:: PROBLEM REQUIREMENTS ::
Of the lines in the material below, print only those from the one containing "포장 주문시 상추와 쌈무 쌈장과 마늘 무말랭이등의" to the one containing "lietotājam ir jāizvēlas", ends included, exactly as written and without pictures.

::: INPUT DATA :::

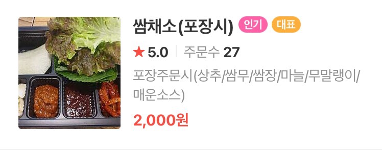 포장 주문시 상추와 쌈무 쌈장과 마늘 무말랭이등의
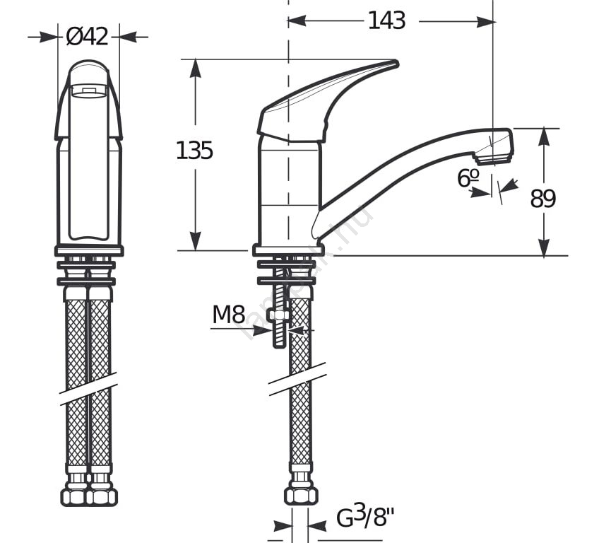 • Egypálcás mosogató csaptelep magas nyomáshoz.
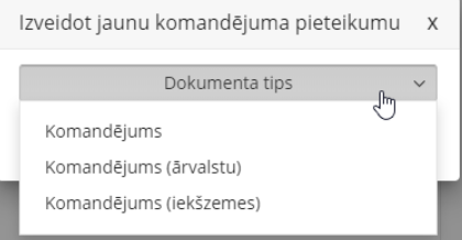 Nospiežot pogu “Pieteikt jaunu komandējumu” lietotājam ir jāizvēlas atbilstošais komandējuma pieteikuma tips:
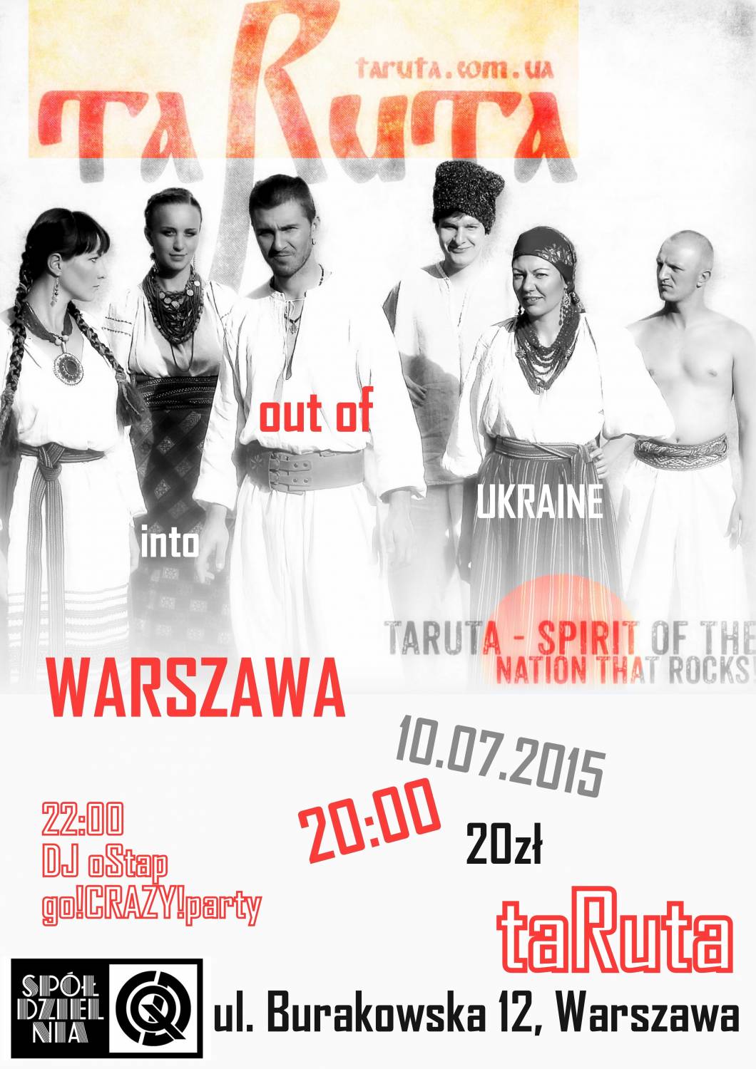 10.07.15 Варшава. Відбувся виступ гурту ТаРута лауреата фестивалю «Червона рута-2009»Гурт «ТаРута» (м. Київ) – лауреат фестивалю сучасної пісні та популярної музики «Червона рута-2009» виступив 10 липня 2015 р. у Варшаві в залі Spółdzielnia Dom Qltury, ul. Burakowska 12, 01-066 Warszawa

:::
::: INPUT DATA :::

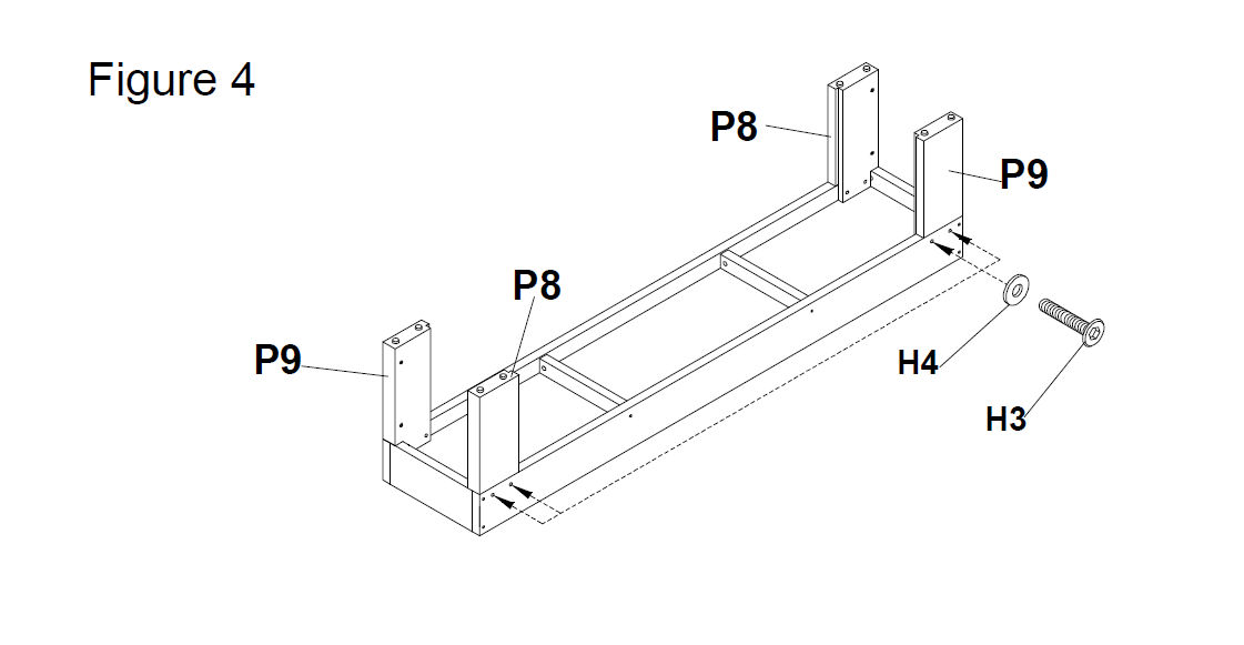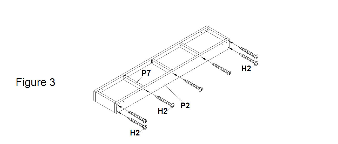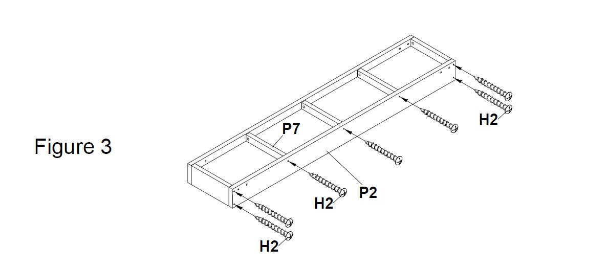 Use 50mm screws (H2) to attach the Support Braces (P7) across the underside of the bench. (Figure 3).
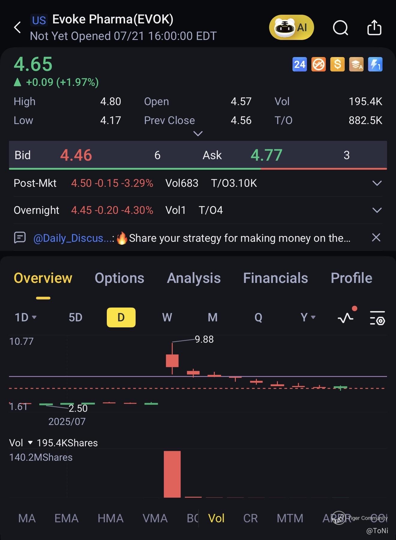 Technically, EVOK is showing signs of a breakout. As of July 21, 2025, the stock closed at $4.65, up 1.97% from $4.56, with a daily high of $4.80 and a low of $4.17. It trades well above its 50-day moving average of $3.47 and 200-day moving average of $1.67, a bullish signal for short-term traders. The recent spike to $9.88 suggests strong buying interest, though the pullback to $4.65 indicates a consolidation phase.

:::

:: ANSWER AREA ::
 포장 주문시 상추와 쌈무 쌈장과 마늘 무말랭이등의
 • Egypálcás mosogató csaptelep magas nyomáshoz.
 Nospiežot pogu “Pieteikt jaunu komandējumu” lietotājam ir jāizvēlas atbilstošais komandējuma pieteikuma tips:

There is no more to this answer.